[[ Dataset extract, beginning ]]

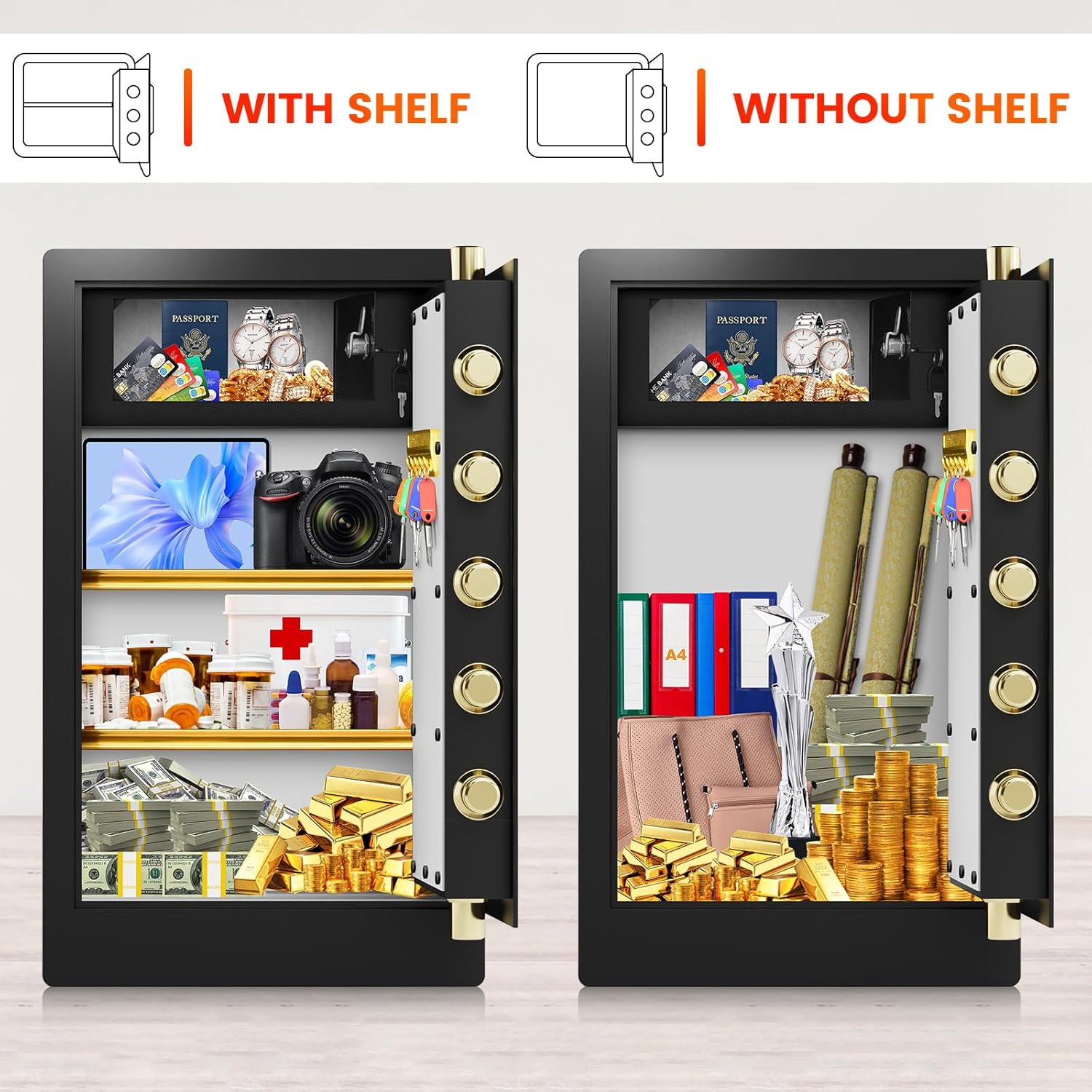 - HEAVY DUTY & HOME SECURITY: This large safe box is made of solid steel construction with coating. 7*30mm high-strength live steel lock bolts and 65mm ultra-thick alloy pry-resistant concealed hinges & recessed door provide physical protection against forced entry. Weighing 77 pounds, the safe is difficult to move. Keep burglars and angry teen from getting your possessions and protecting your privacy
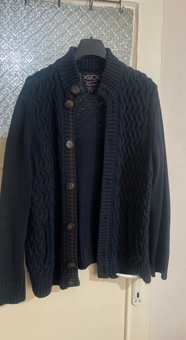 Erkek siyah örgü yün hırka, notlu yakalı ve uzun kolludur. Rahat kesimi ve midi boyu günlük kullanım için uygundur.
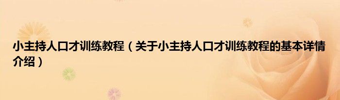 小主持人口才训练教程(关于小主持人口才训练教程的基本详情介绍)
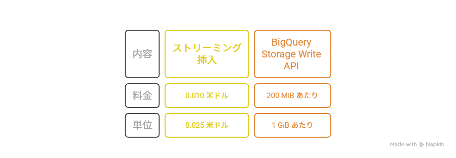 ストリーミング挿入では、挿入に成功した行が課金対象となり、最小 1 KB で各行が計算される仕組みとなっています。また、 BigQuery Storage Write API を使用する際、 BigQuery に読み込まれたデータには、 BigQuery ストレージの料金または Cloud Storage ( Google Cloud に搭載されているストレージサービス)の料金が適用されます。

[[ Dataset extract, end ]]

The response must repeat all the lines above exactly and include no pictures.

 - HEAVY DUTY & HOME SECURITY: This large safe box is made of solid steel construction with coating. 7*30mm high-strength live steel lock bolts and 65mm ultra-thick alloy pry-resistant concealed hinges & recessed door provide physical protection against forced entry. Weighing 77 pounds, the safe is difficult to move. Keep burglars and angry teen from getting your possessions and protecting your privacy
 Erkek siyah örgü yün hırka, notlu yakalı ve uzun kolludur. Rahat kesimi ve midi boyu günlük kullanım için uygundur.
 小主持人口才训练教程(关于小主持人口才训练教程的基本详情介绍)
 ストリーミング挿入では、挿入に成功した行が課金対象となり、最小 1 KB で各行が計算される仕組みとなっています。また、 BigQuery Storage Write API を使用する際、 BigQuery に読み込まれたデータには、 BigQuery ストレージの料金または Cloud Storage ( Google Cloud に搭載されているストレージサービス)の料金が適用されます。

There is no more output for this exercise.